> [WHAT THE TASK ASKS]:
Transcribe each record exactly; skip any picture.

> [RECORDS SHOWN]:
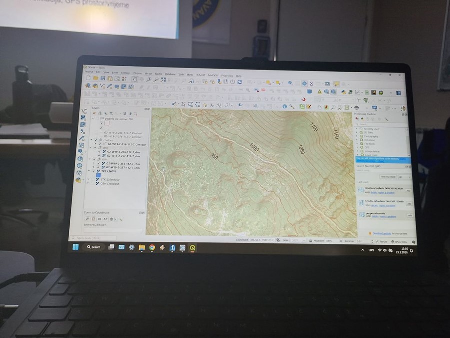 Fokus prvog bloka seminara bila je izrada vlastitih topografskih karata. Upotrebom besplatnih softvera, CloudCompare i QGIS te dostupnih LiDAR podataka Hrvatske, svi su sudionici imali priliku izraditi vrlo detaljne karte terena. Nakon obrade, topografske karte sudionika unesene su u mobilnu aplikaciju za navigaciju OruxMaps.
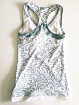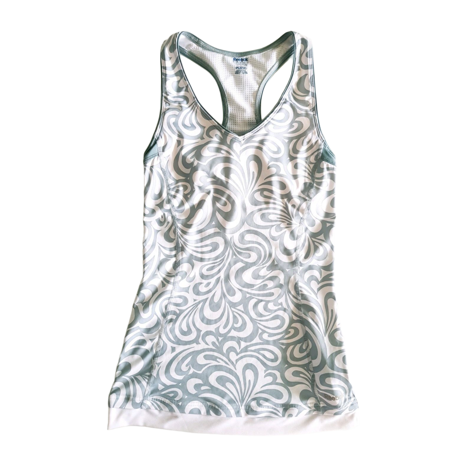 Good as new functional sport top with inside bust top for added support for the bust. Classic model, high quality, stretchy and comfortable, technical material. Beautiful white and silver pattern. Used once, washed once (just is a bit too small for me). Flawless condition. Label says S but XS is true size. #reebok #sportswear #sporttop #racerback
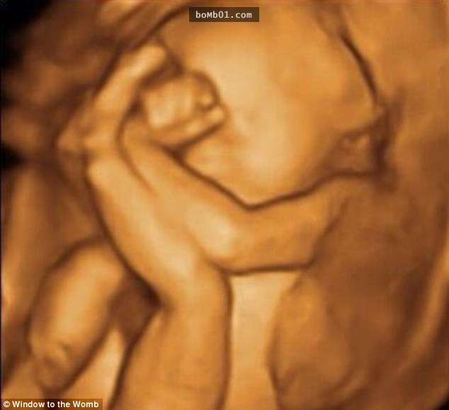 ▼這個寶寶則在打自己的臉,他的動作從超音波照片中看得一清二楚。
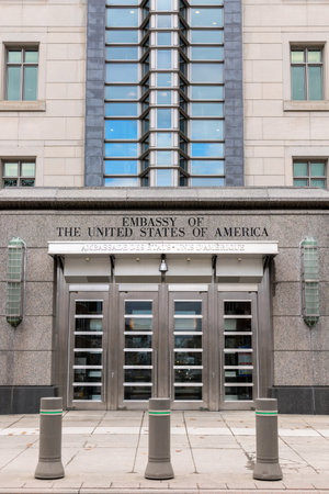 Ottawa, Canada - December 17, 2021: Entrance to Embassy of the United States of America in Ottawa, Canada
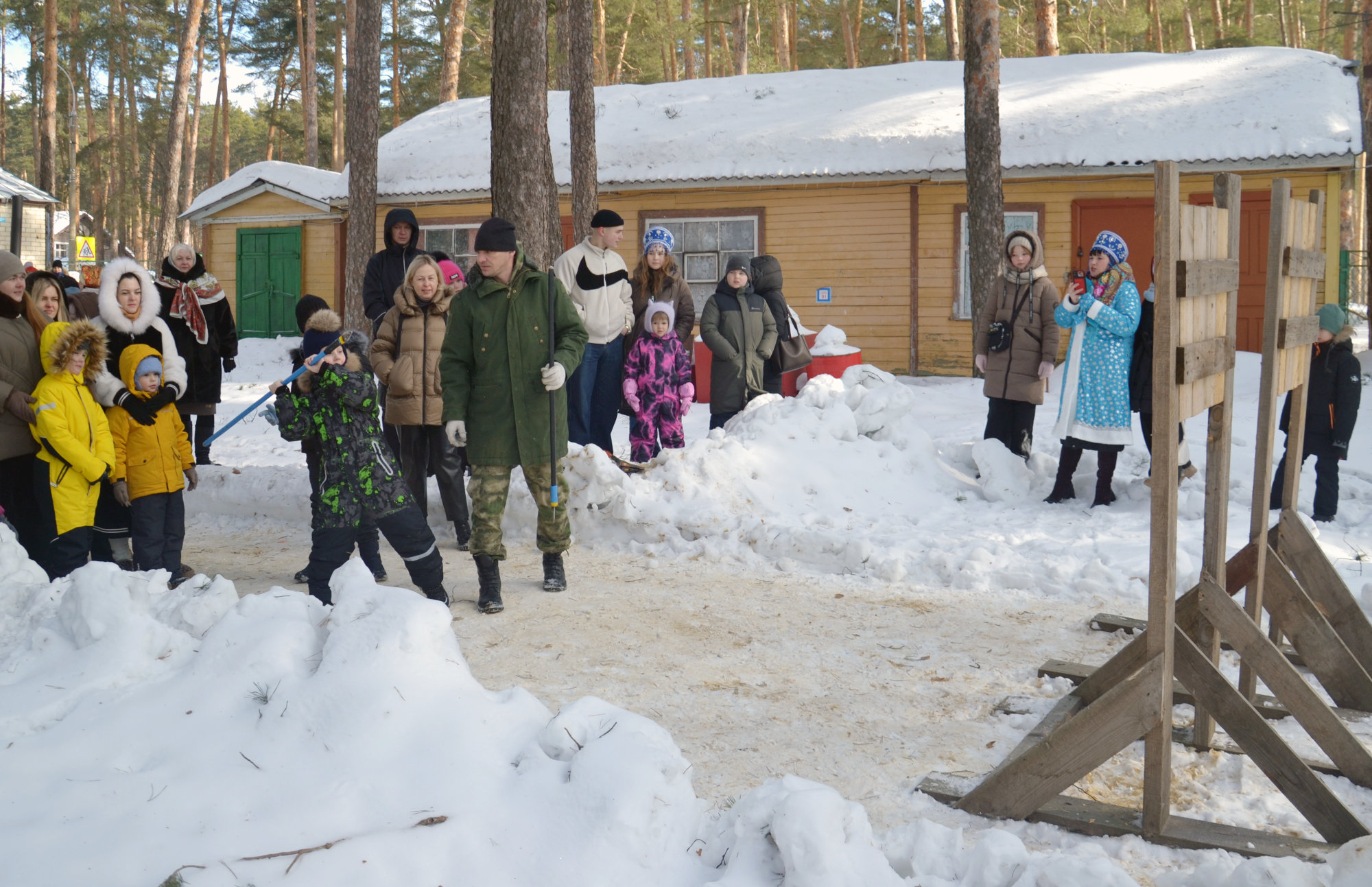 Надышавшись морозным февральским воздухом, гости продолжили празднование на закрытом танцполе лагеря. Здесь также и взрослые, и дети имели возможность посоревноваться в силе и ловкости. Одним из самых незабываемых состязаний праздника стали бои подушками. ![]()
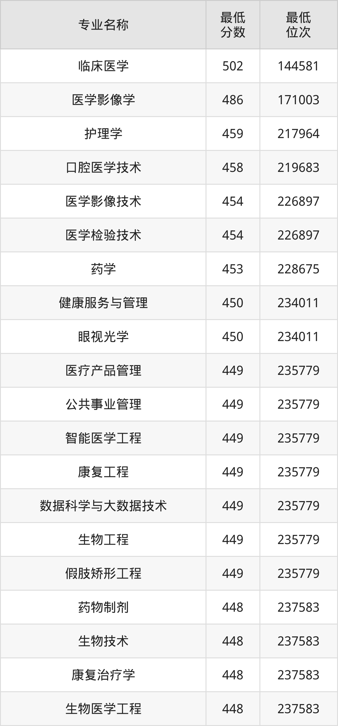 豫北医学院2024年在河南理科各专业的录取分数线是:212分-502分。
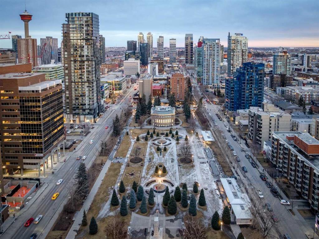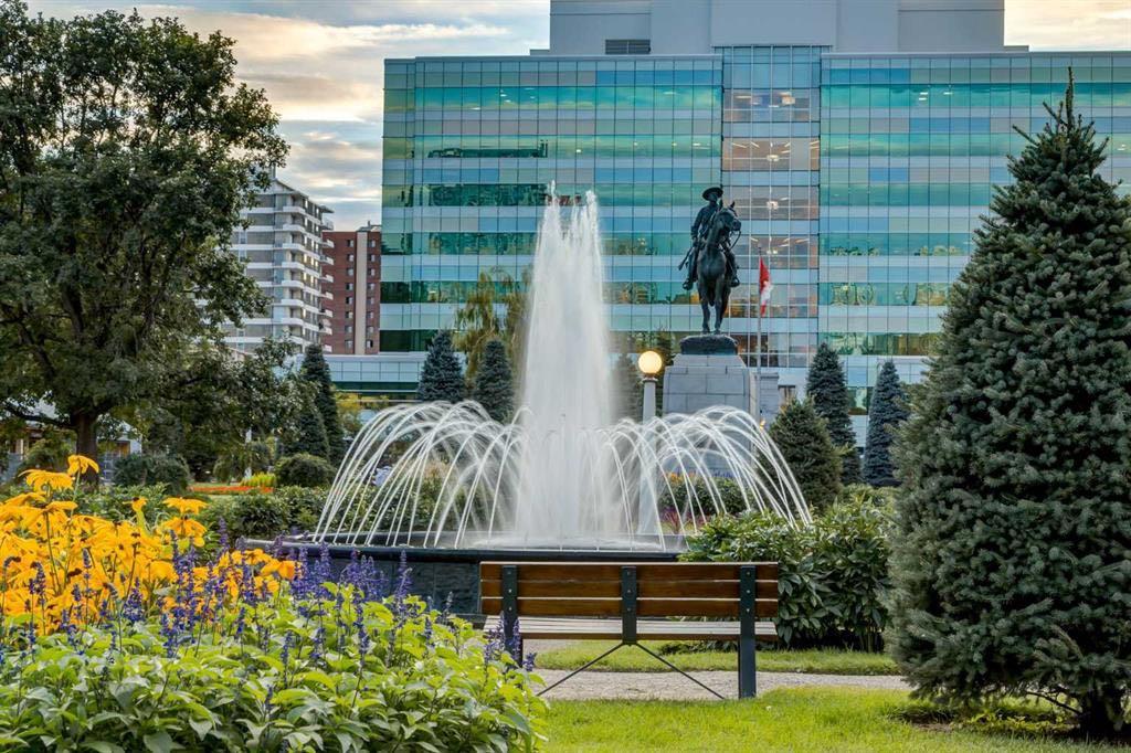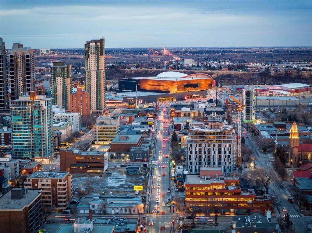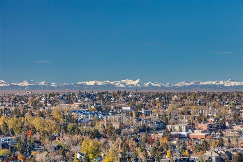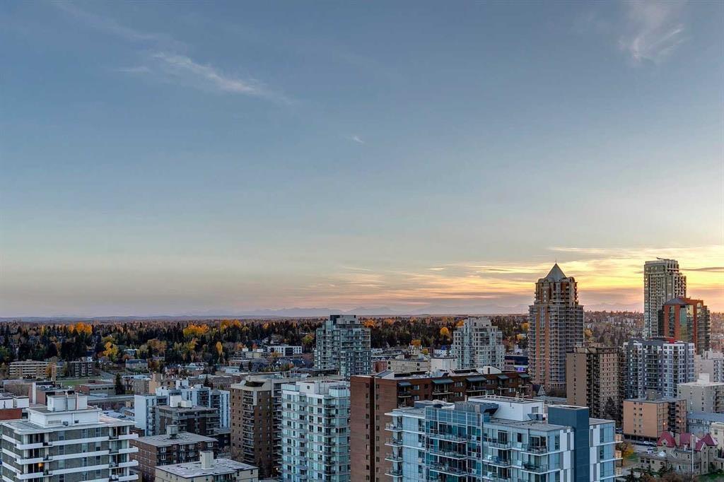 Welcome to this beautifully upgraded 13th-floor southwest corner residence in the Castello, offering ~1,200 sq. ft. of thoughtfully designed living space in one of Calgary’s most prestigious Beltline addresses. The corner position delivers natural light from multiple exposures, with sweeping mountain views to the west and inner-city views to the south. Only five units per floor in this quiet, concrete building – privacy and sound insulation are built in. The open-concept layout puts every square foot to work – no wasted hallway space. The kitchen features stainless steel appliances, granite countertops, soft-close cabinetry, a built-in wine bar, and updated lighting. Floor-to-ceiling windows and 9-foot ceilings with hardwood floors open directly onto the unit’s standout feature: a massive covered and Astroturfed wraparound patio of nearly 300 sq. ft. with natural gas hookup. Southwest-facing with prolonged sunshine, panoramic mountain and Beltline views, including direct sightline to the Stampede fireworks. The primary bedroom features a large walk-in closet with built-in organizers and a spa-inspired ensuite with 10 mm glass shower and dual vanity. The second bedroom includes a built-in desk and Murphy bed – home office by day, guest room by night. The main bath features upscale tile, fixtures, and hardware. Highlights: central A/C, in-suite laundry, Hunter Douglas honeycomb blinds, two titled heated parking stalls, and titled storage locker. Amenities: concierge, fitness centre, guest suite ($75/night), car wash bay, visitor parking, bike storage. Professionally managed and maintained. Pets are welcome. Steps from 17th Avenue, Stephen Avenue, restaurants, grocery, transit, and the downtown core. This is executive urban living – designed for professionals who want space, mountain views, and an unbeatable location.
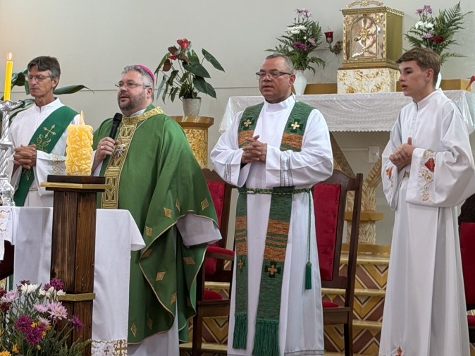 Na manhã do último domingo, 08 de fevereiro, a Paróquia Sagrada Família (Rio do Prata) celebrou um novo capítulo em sua história com a Missa de Posse Canônica de seu novo Administrador Paroquial, Padre Rinaldo César da Silva. A celebração, marcada por ritos de entrega e fidelidade, foi presidida por Dom Adalberto Donadelli Júnior, Bispo da Diocese de Rio do Sul.
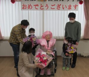100歳の方を中心に、2月・3月生まれの方々のお誕生日を祝いました。

> [TASK SOLUTION]:
 Fokus prvog bloka seminara bila je izrada vlastitih topografskih karata. Upotrebom besplatnih softvera, CloudCompare i QGIS te dostupnih LiDAR podataka Hrvatske, svi su sudionici imali priliku izraditi vrlo detaljne karte terena. Nakon obrade, topografske karte sudionika unesene su u mobilnu aplikaciju za navigaciju OruxMaps.
 Good as new functional sport top with inside bust top for added support for the bust. Classic model, high quality, stretchy and comfortable, technical material. Beautiful white and silver pattern. Used once, washed once (just is a bit too small for me). Flawless condition. Label says S but XS is true size. #reebok #sportswear #sporttop #racerback
 ▼這個寶寶則在打自己的臉,他的動作從超音波照片中看得一清二楚。
 Ottawa, Canada - December 17, 2021: Entrance to Embassy of the United States of America in Ottawa, Canada
 Надышавшись морозным февральским воздухом, гости продолжили празднование на закрытом танцполе лагеря. Здесь также и взрослые, и дети имели возможность посоревноваться в силе и ловкости. Одним из самых незабываемых состязаний праздника стали бои подушками. ![]()
 豫北医学院2024年在河南理科各专业的录取分数线是:212分-502分。
 Welcome to this beautifully upgraded 13th-floor southwest corner residence in the Castello, offering ~1,200 sq. ft. of thoughtfully designed living space in one of Calgary’s most prestigious Beltline addresses. The corner position delivers natural light from multiple exposures, with sweeping mountain views to the west and inner-city views to the south. Only five units per floor in this quiet, concrete building – privacy and sound insulation are built in. The open-concept layout puts every square foot to work – no wasted hallway space. The kitchen features stainless steel appliances, granite countertops, soft-close cabinetry, a built-in wine bar, and updated lighting. Floor-to-ceiling windows and 9-foot ceilings with hardwood floors open directly onto the unit’s standout feature: a massive covered and Astroturfed wraparound patio of nearly 300 sq. ft. with natural gas hookup. Southwest-facing with prolonged sunshine, panoramic mountain and Beltline views, including direct sightline to the Stampede fireworks. The primary bedroom features a large walk-in closet with built-in organizers and a spa-inspired ensuite with 10 mm glass shower and dual vanity. The second bedroom includes a built-in desk and Murphy bed – home office by day, guest room by night. The main bath features upscale tile, fixtures, and hardware. Highlights: central A/C, in-suite laundry, Hunter Douglas honeycomb blinds, two titled heated parking stalls, and titled storage locker. Amenities: concierge, fitness centre, guest suite ($75/night), car wash bay, visitor parking, bike storage. Professionally managed and maintained. Pets are welcome. Steps from 17th Avenue, Stephen Avenue, restaurants, grocery, transit, and the downtown core. This is executive urban living – designed for professionals who want space, mountain views, and an unbeatable location.
 Na manhã do último domingo, 08 de fevereiro, a Paróquia Sagrada Família (Rio do Prata) celebrou um novo capítulo em sua história com a Missa de Posse Canônica de seu novo Administrador Paroquial, Padre Rinaldo César da Silva. A celebração, marcada por ritos de entrega e fidelidade, foi presidida por Dom Adalberto Donadelli Júnior, Bispo da Diocese de Rio do Sul.
100歳の方を中心に、2月・3月生まれの方々のお誕生日を祝いました。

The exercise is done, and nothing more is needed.